You should just make my famous "jerk pizza".  It's also a really good bonding experience.


----------



## stonetag (Aug 29, 2019)

Lizard King said:


> Thought you meant the Lab, lol


I thought he meant the communication Co., Qwestcomm., I was thinking only 1 bill? haha. I don't get out much.


----------



## Utm18 (Aug 29, 2019)

That's is crazy. 1 billion dollars


----------



## Straight30weight (Aug 29, 2019)

DNW said:


> You should just make my famous "jerk pizza".  It's also a really good bonding experience.


Dude......


----------



## Gibsonator (Aug 29, 2019)

DNW said:


> You should just make my famous "jerk pizza".  It's also a really good bonding experience.

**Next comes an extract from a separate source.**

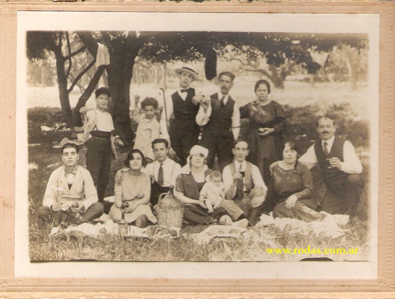 Familia Hana de picnic en la que aparece Raquel Cohen de Hana, con toda su familia política (Nora Cohen) |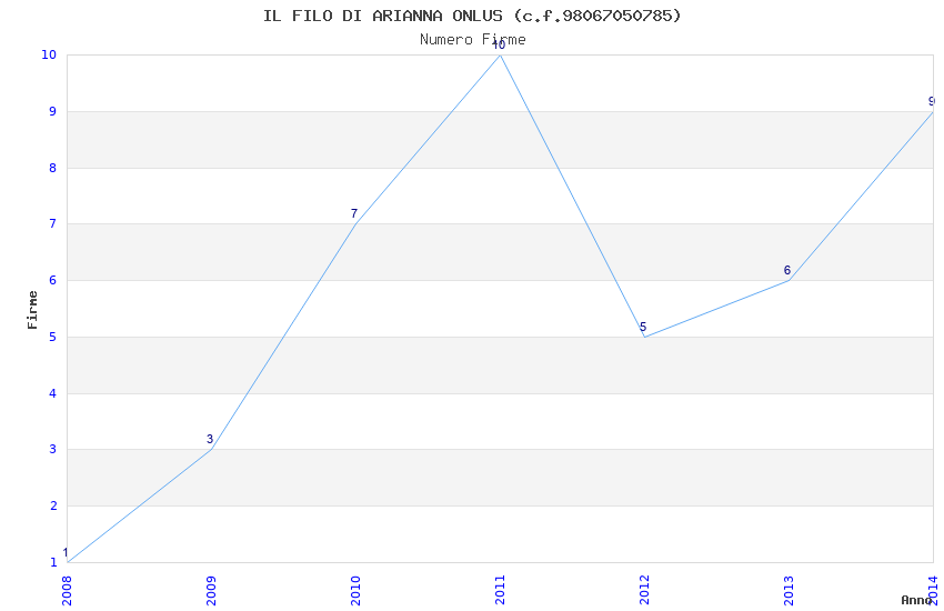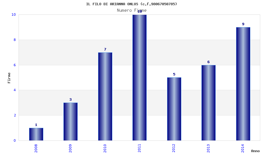 | Anno | Firme | Importi | Media | Naz. | Reg. | Prov. | Comu. |

you took it too far right there, that's the line,  step back on the other side.


----------



## DNW (Aug 29, 2019)

I'm not sure what you guys are referring to???  You've never made jerk pulled chicken and put it on pizza?  The pulling apart of the chicken is something pretty easy...even a kid can help out with it.


----------



## Gibsonator (Aug 29, 2019)

DNW said:


> I'm not sure what you guys are referring to???  You've never made jerk pulled chicken and put it on pizza?  The pulling apart of the chicken is something pretty easy...even a kid can help out with it.



knowing you i highly doubt that's what you were originally reffering to lol


----------



## DNW (Aug 29, 2019)

Gibsonator said:


> knowing you i highly doubt that's what you were originally reffering to lol



Oh!  I am shocked and appalled and just hurt!  You guys are sick that you would immediately go there.  For shaaaaaaame!


----------



## BigSwolePump (Aug 31, 2019)

Never heard of em. I make a pretty good peanut butter and jelly sandwich. Maybe I should put it up for sale. Daddy needs a new ride.


----------



## Straight30weight (Aug 31, 2019)

BigSwolePump said:


> Never heard of em. I make a pretty good peanut butter and jelly sandwich. Maybe I should put it up for sale. Daddy needs a new ride.


Hilarious. Too many carbs though....


----------